Николай Афанасьевич понизил голос и сквозь тихую улыбку, как будто величайшую политическую тайну, шёпотом добавил:
— Ручкой-то своею, знаете, взяли обняли, а здесь… неприметно для них пуговичкой обшлага нос-то мне совсем чувствительно больно придавили.
— А ты же ведь ничего… не закричал? — спросил дьякон.
— Нет-с, что вы, батушка, что вы? Как же можно от ласк государя кричать? Я-с, — заключил Николай Афанасьевич, — только как они выпустили меня, я поцеловал их ручку… что счастлив и удостоен чести, и только и всего моего разговора с их величеством было. А после, разумеется, как сняли меня из-под пальмы и повезли в карете домой, так вот тут уж я все плакал.
— Отчего же после-то плакать? — спросил Ахилла.
— Да как же отчего? Мало ли отчего-с?
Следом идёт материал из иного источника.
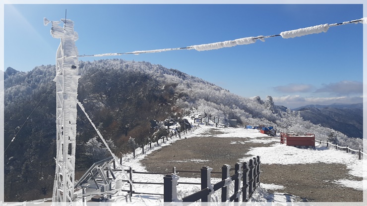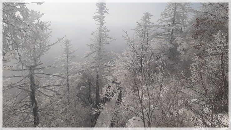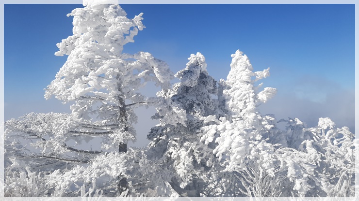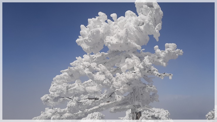 로타리대피소 잠깐 지나 아이젠을 착용했습니다. 눈 산행을 예상하지 못했던 산님들이 엄청 고생을 하고 있습니다. 개선문 언저리쯤에 상고대가 매달렸고 눈꽃도 피었습니다. 천왕샘 근처의 나무들은 눈 모자와 북유럽풍 나뭇가지에 목화솜 같은 새하얀 꽃을 피웠습니다. 올 들어 처음 내린 눈이라서 그런지 유난히 부드럽고 청결했습니다.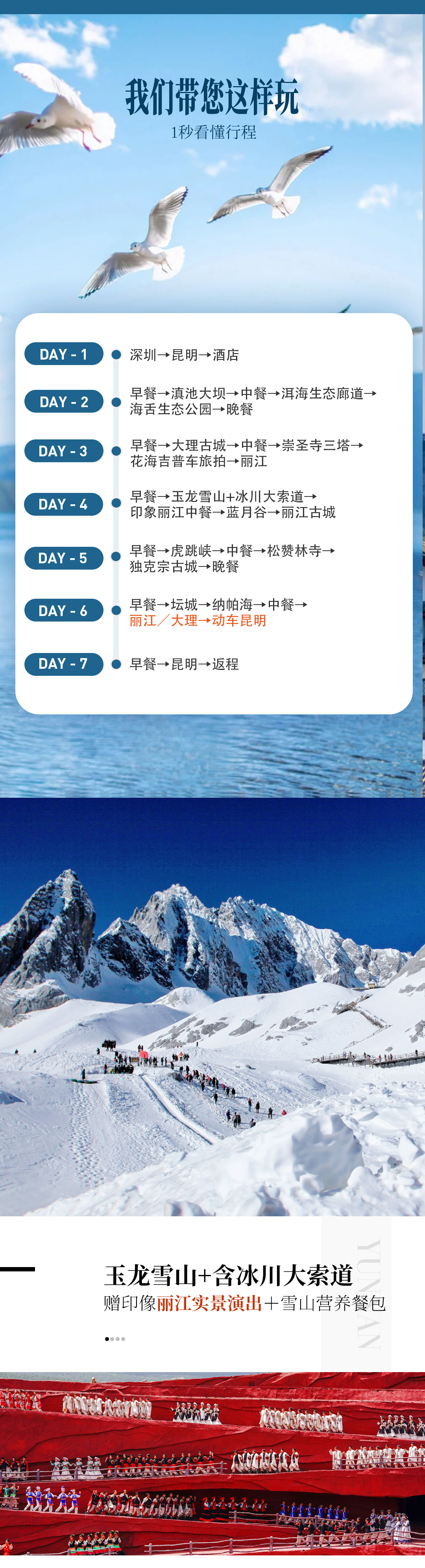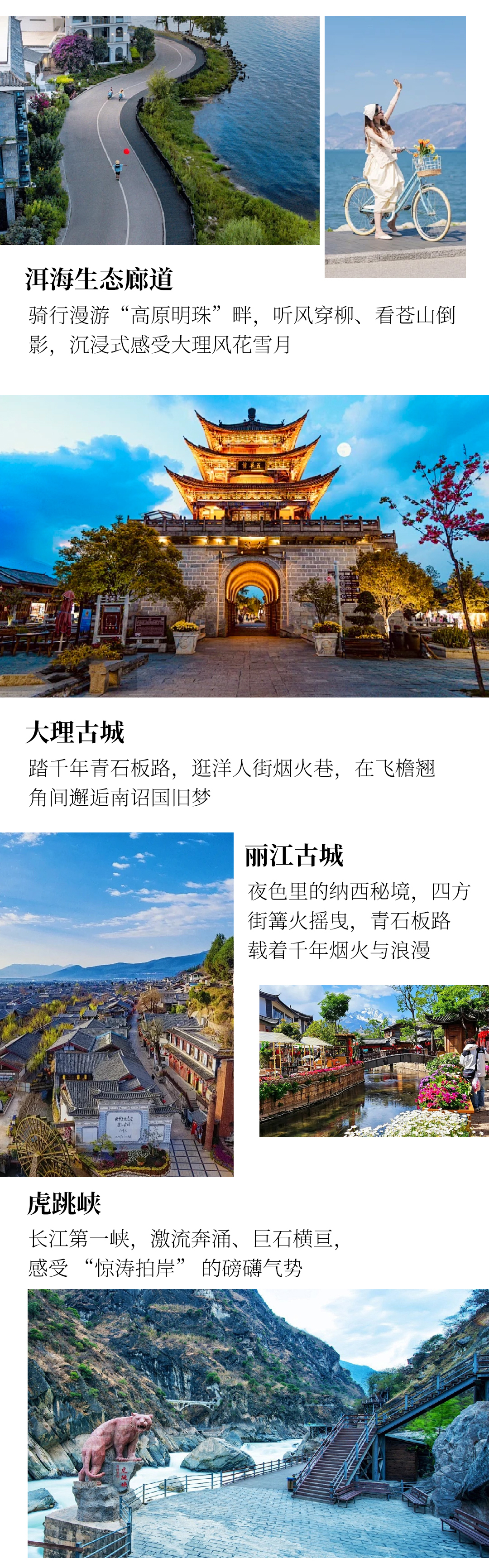 小孩价格:含出发地-昆明往返经济舱机票、丽江/大理-昆明动车二等座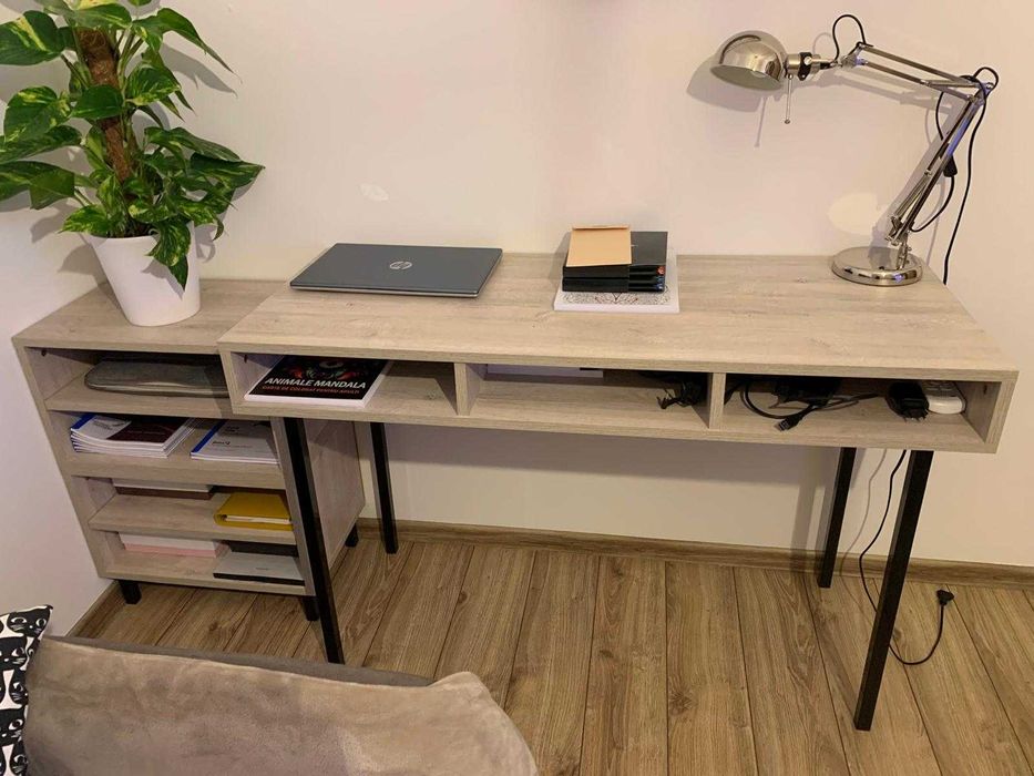 Birou modern cu rafturi, stil industrial, stare foarte bună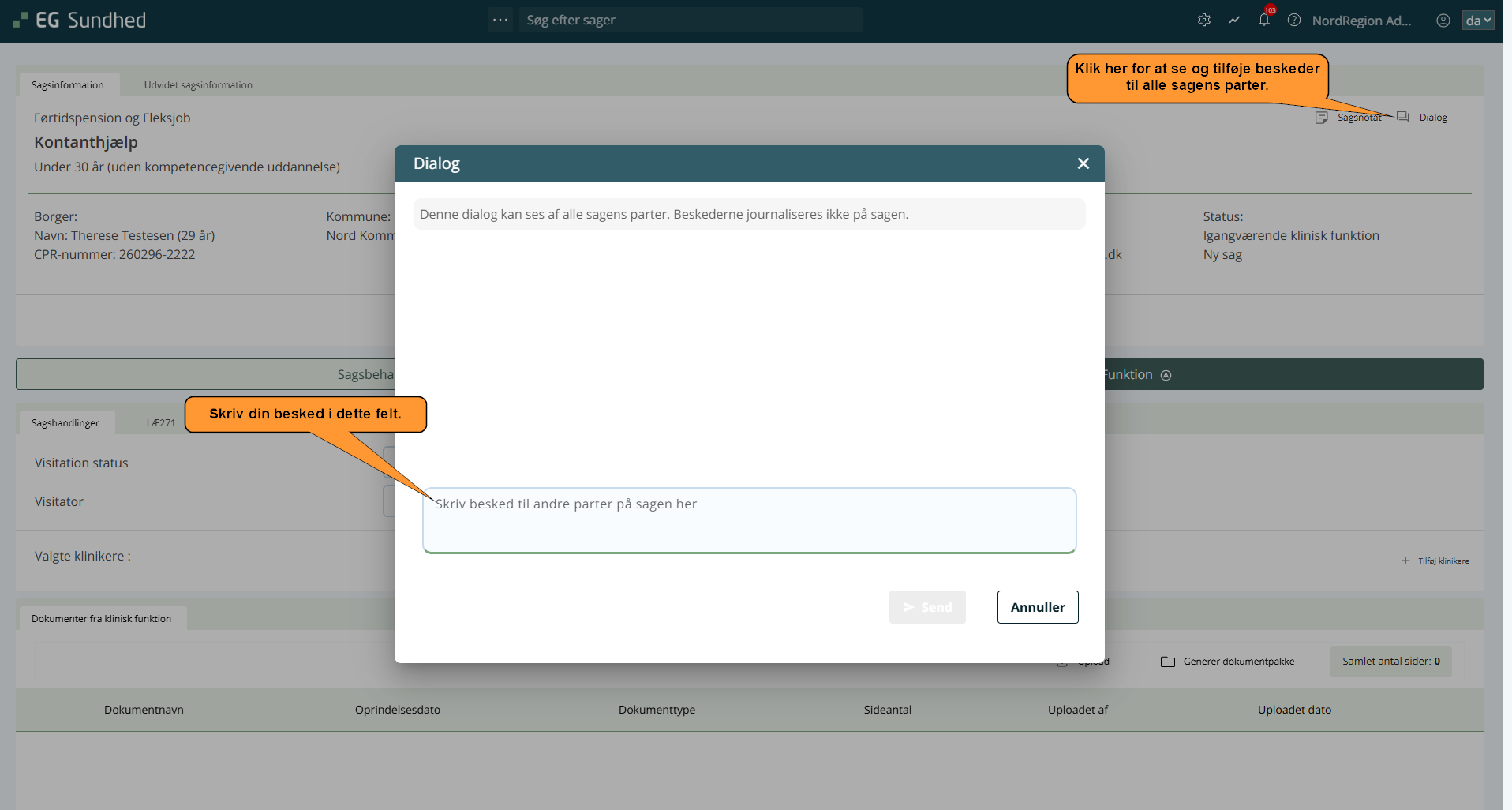 Vær opmærksom på, at alle beskeder mellem sagens parter vil blive journaliseret.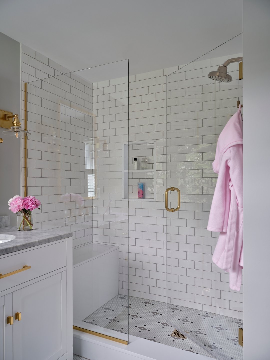 The built-in niches are the real MVP here. Practical, yes—but also styled just enough to feel intentional. It’s the kind of bathroom that makes your 5-minute shower turn into a full “don’t rush me” situation.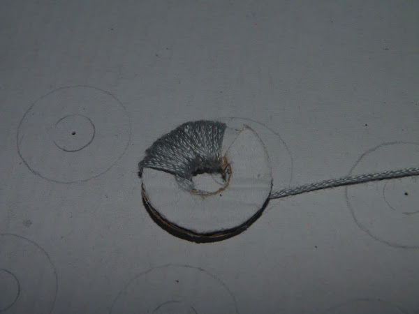 Después se les hace un corte desde la base hasta el agujero central, se unen haciendo coincidir los cortes, y a enrollar lana. Cuanto más mullliditos los queramos, más vueltas de lana daremos.
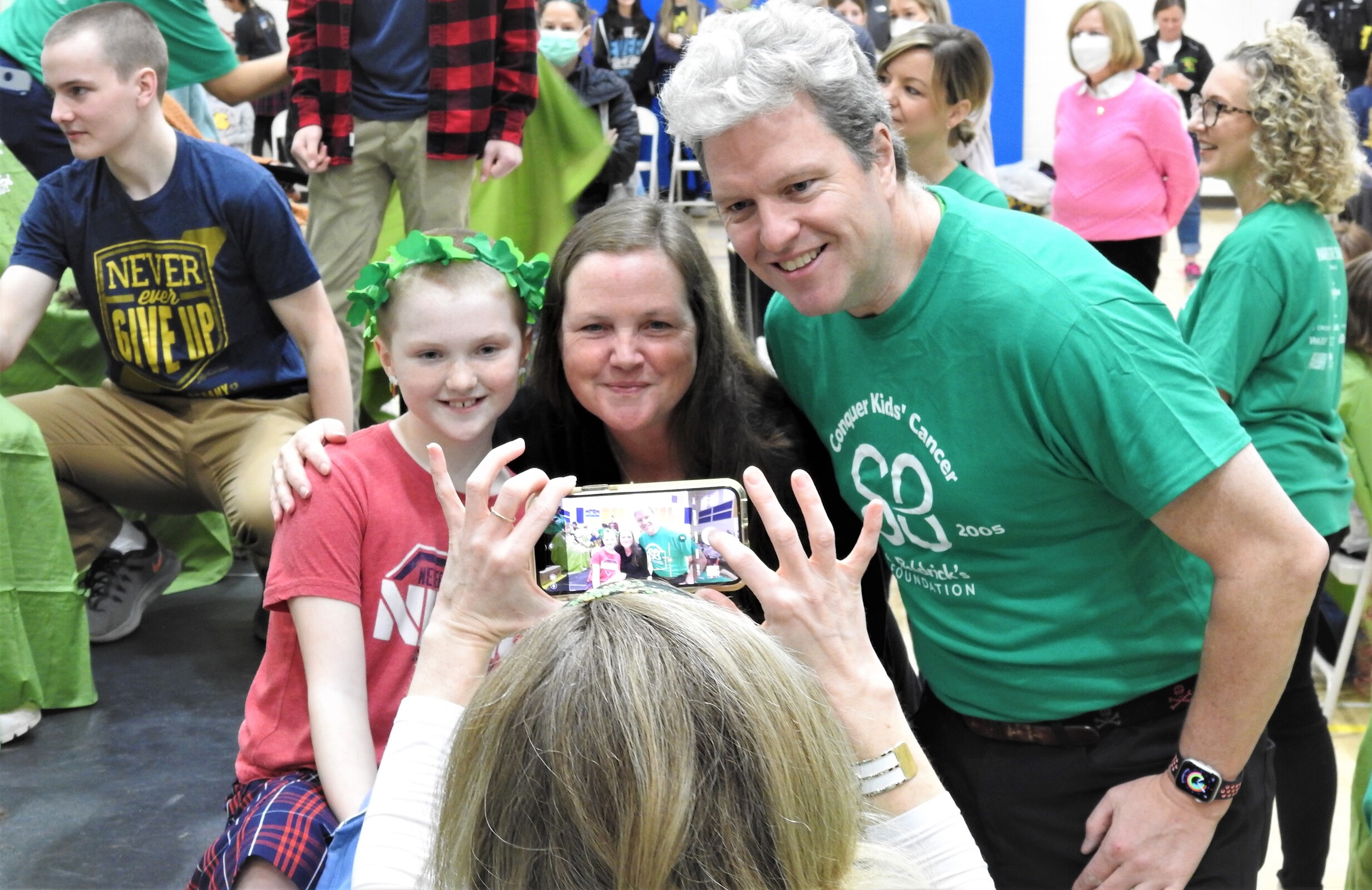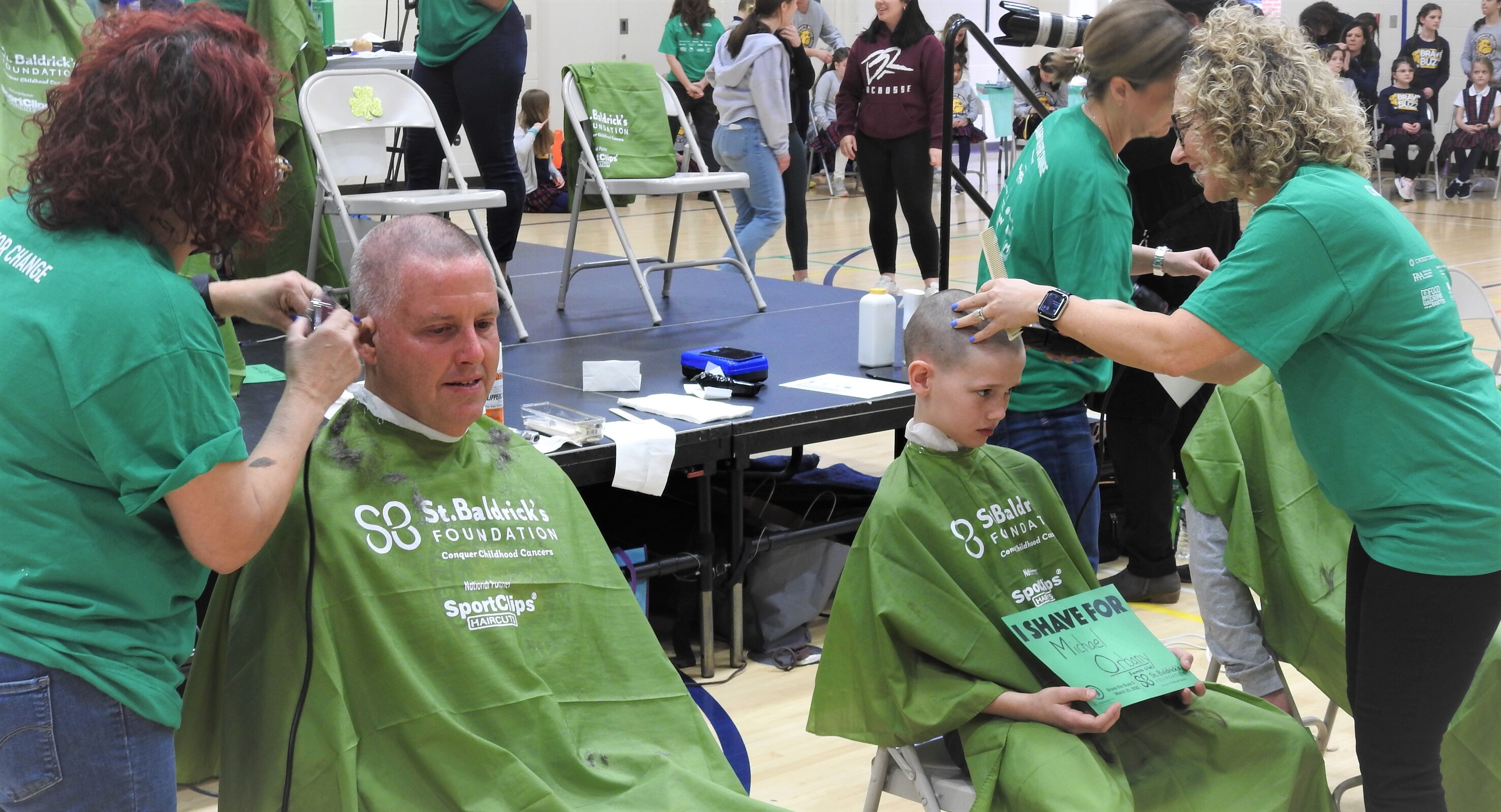 Among the first group of shavees were Ruby Stilla, a first-grader, and Maggie Chambers, a fourth-grader. Both donated 12 or more inches of hair before having their heads shaved and receiving a shamrock crown. This was the second time that Maggie, who also was the largest fundraiser, had her head shaved.

От умиления чувств плачешь.
— Маленький, а как чувствует! — воскликнул в восторге Ахилла.
— Ну-с, позвольте! — начал снова рассказчик. — Теперь только что это случайное внимание императора по Москве в некоторых домах разгласилось, покойница Марфа Андревна начали всюду возить меня и показывать, и я, истину вам докладываю, не лгу, я был тогда самый маленький карлик во всей Москве. Но недолго это было-с, всего одну зиму…
Но в это время дьякон ни с того ни с сего вдруг оглушительно фыркнул и, свесив голову за спинку стула, тихо захохотал.
Заметя, что его смех остановил рассказ, он приподнялся и сказал:
— Нет, это ничего!.. Рассказывай, сделай милость, Николавра, это я по своему делу смеюсь. Как со мною однажды граф Кленыхин говорил.
— Нет-с, уж вы, сударь, лучше выскажитесь, а то опять перебьёте, — ответил карлик.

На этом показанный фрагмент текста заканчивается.